Beenhakker's coaching staff includes countrymen Theo de Jong and Wim Rijsbergen, both veterans of the legendary Dutch team from the 1974 World Cup. Rijsbergen conducts the training sessions while the 70-year-old Beenhakker observes and paces. At the hotel, they huddle to discuss tactics and player choices.

In Holland, they say that two Dutchmen discussing any subject will have three opinions on the matter. And this tendency to question and criticize openly has perhaps hardened coaches such as Beenhakker, and many say has hurt the cohesion on the Netherlands squads during long tournaments such as the World Cups. But Beenhakker was not brought in to impose a Dutch system, but to get results in a hurry. He was hired by the Trinidad federation and Concacaf president Jack Warner because of his previous experience with Concacaf soccer scene, and in particular his knowledge of Mexican soccer.

"Trinidad is a very small country, with no international soccer pedigree, which once in a while fights for a chance to enter a big tournament like a World Cup," he explains. "People there live the game with great enthusiasm and passion, and their national team has a chance to qualify. In that sense, it's different from Mexico, where they have great infrastructure and a very strong league. And now Mexico has players with double nationality, and that helps to strengthen the national team greatly."

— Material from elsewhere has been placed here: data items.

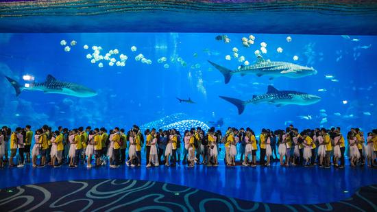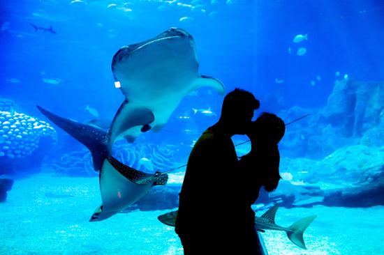 这一场别来生面的海洋集体婚礼才刚刚开始!7月9号,新人一起走进鲸鲨馆与多条鲸鲨共舞,收获成千上万珍稀海洋动物的簇拥祝福;幸运的新人甚至深潜到海豚岛海底,尽情地追逐海豚畅游,体验“爱比海更深”的悸动,定格珍贵的留影。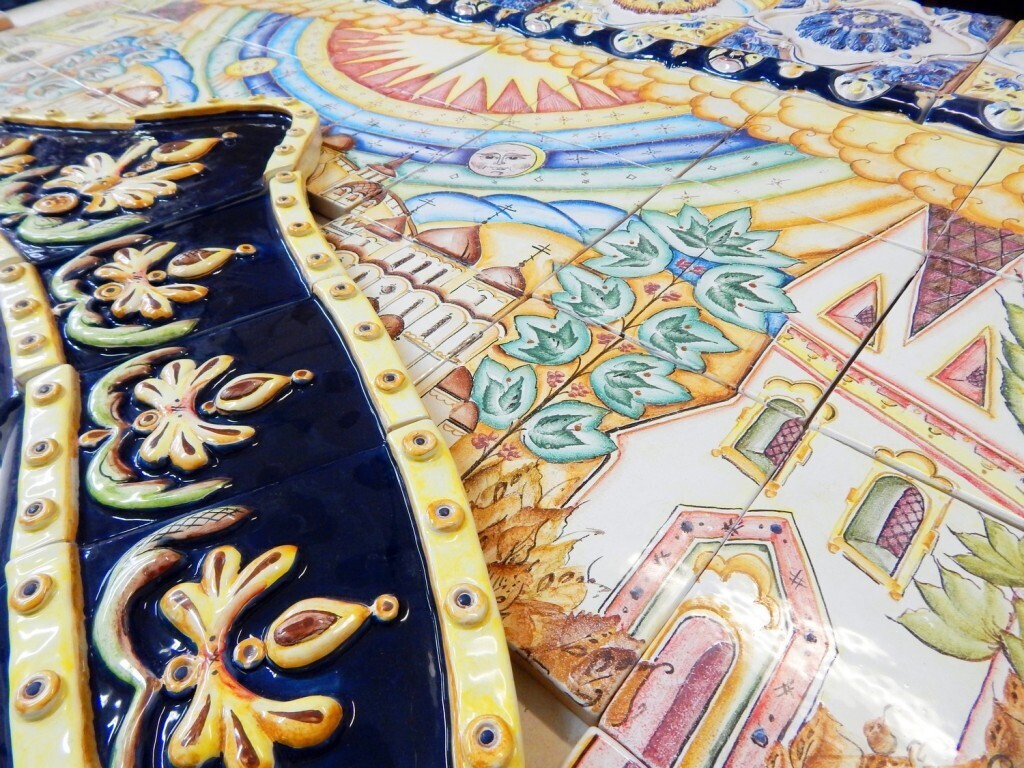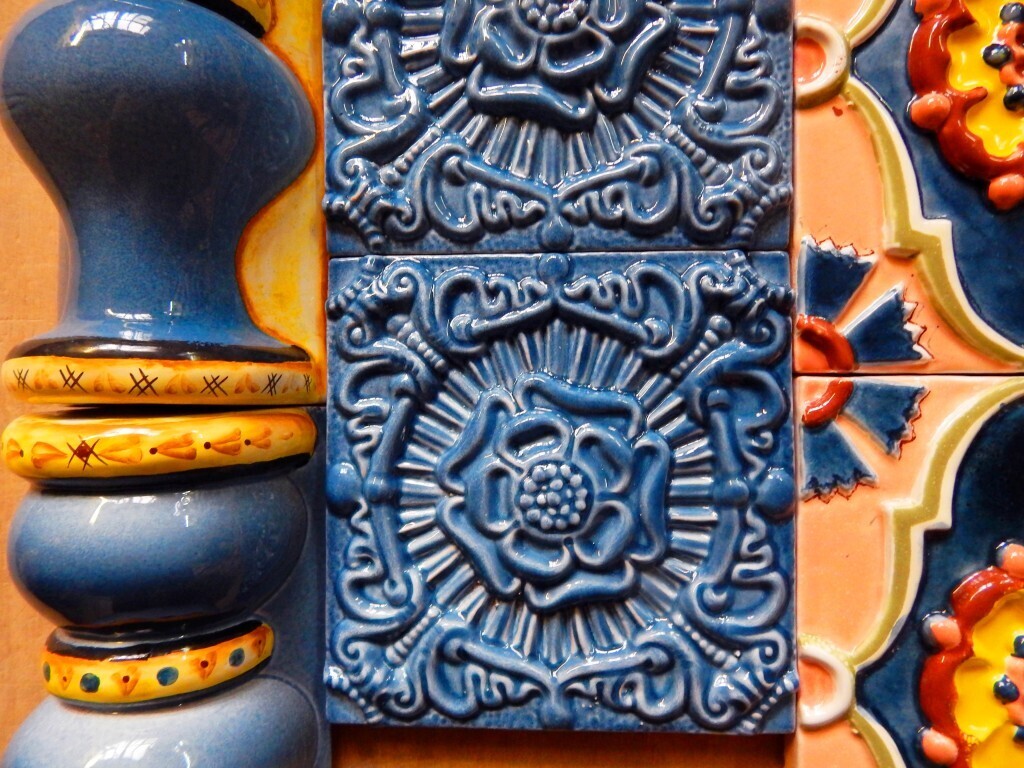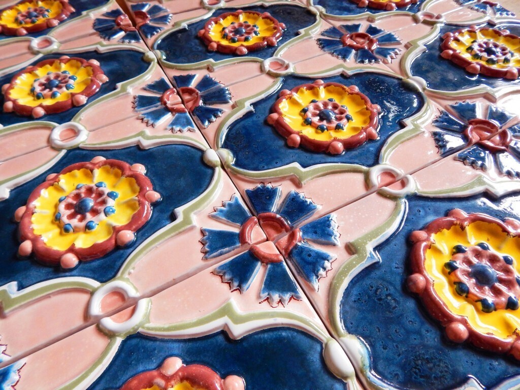 Очень симпатично смотрится полоса из изразцовых плиток с орнаментом, разграничивающая два живописных панно.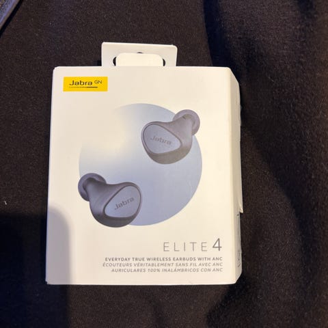 Jabra Elite Active 65t trådløse ørepropper i blå med ladeetui. God lyd med mye volum for størrelsen, og sitter godt i øret under trening. Etter egen erfaring holder batteriet på både selve øreproppene og ladeetuiet til flere timers lytting. Om ønskelig kan man skaffe nye, billige «propper» og bruke dem sammen med disse.
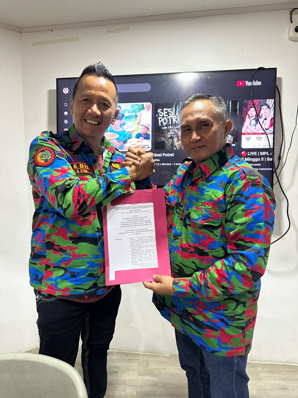 Radar Nusantara, BENGKALIS (RIAU) – Sabtu, 25 April 2026 di Pekanbaru, Riau, Ketua Dewan Pimpinan Daerah (DPD) Federasi-Serikat Pekerja Transportasi Indonesia (F-SPTI) Provinsi Riau, Dedi Kusnadi alias Dedi Boxer resmi menyerahkan Surat Keputusan (SK) Ketua Dewan Pimpinan Cabang (DPC) F-SPTI Kabupaten Bengkalis kepada Muhammad Kamil Ikhsan untuk masa bhakti 2026-2027.
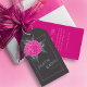 Bläck kamellia bröllop rosa grått brun presentetikett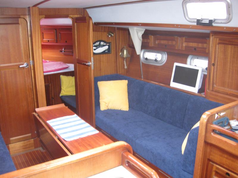 die Bilder der "Navigation" hatte ich ja schon eingestellt. Hier mal ein Blick in die Sitzecke mit den neuen Polstern und Kissen: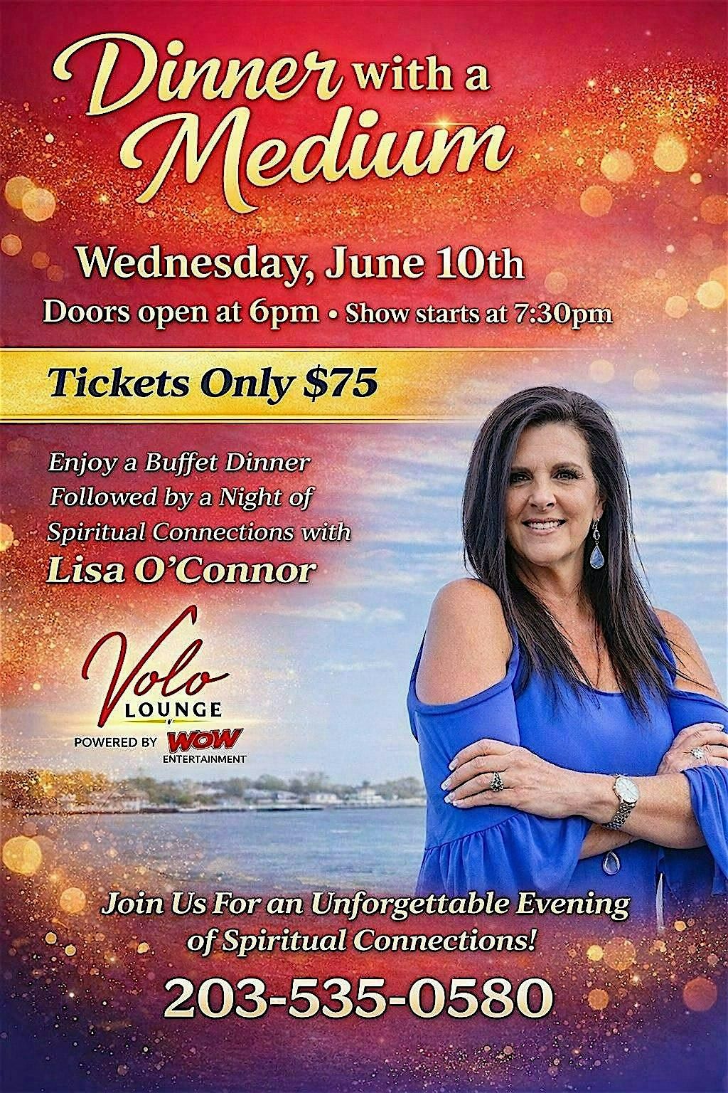 Dinner & live medium show with Lisa O’Connor at Volo Lounge. June 10, buffet 6PM, show 7:30PM. $75 tickets. Reserve now!

Beenhakker was the coach of the Dutch team in World Cup 1990, where a team with talents such as Marco van Basten, Ruud Gullit and Frank Rijkaard was eliminated in the second round by the eventual champ West Germany in what was perhaps the best match of the whole tournament. Yet Beenhakker is remembered more for his club stints, having coached Ajax and Feyenoord in Holland and spent six seasons at Real Madrid, plus stints in Saudi Arabia, Switzerland and twice at America of Mexico, where his brusque manner and testy relationship and exchanges with the local media at press conferences were legendary.

Behind that hard exterior, perhaps, is a man who is aware his talents and vast experience are applied in a footballing backwater, but with the possibility of a triumphant return to the main stage. Trinidad has climbed back into the World Cup picture by beating Panama but losing to Mexico in the last two qualifying matches. They are in fifth place in the final Concacaf qualifying group, but the top three advance (and the fourth-place team faces a playoff with a country from the Asia region).

But the next Trinidad fixture is in August in Connecticut against the United States, which will be looking to clinch its ticket to Germany 2006. The closest the island nation came to qualifying for a World Cup was - coincidentally - Italia 90, when the United States won 1-0 in Port of Spain to spoil the party and wrest the World Cup ticket from the Soca Warriors.

The last time Beenhakker's hard exterior was breached and he got emotional in the sport of soccer, he reveals, was when he led Feyenoord to the Dutch title in 1999. "It was May 1999, and 250,000 people came to celebrate the title of the team in the city where I was born. It was very special".

True to his conditions stated before the chat, Beenhakker winds down the interview after just five minutes. "Last question," he declares. -How would you like to be remembered? Frankly, I don t care," he barks, before concluding the interview.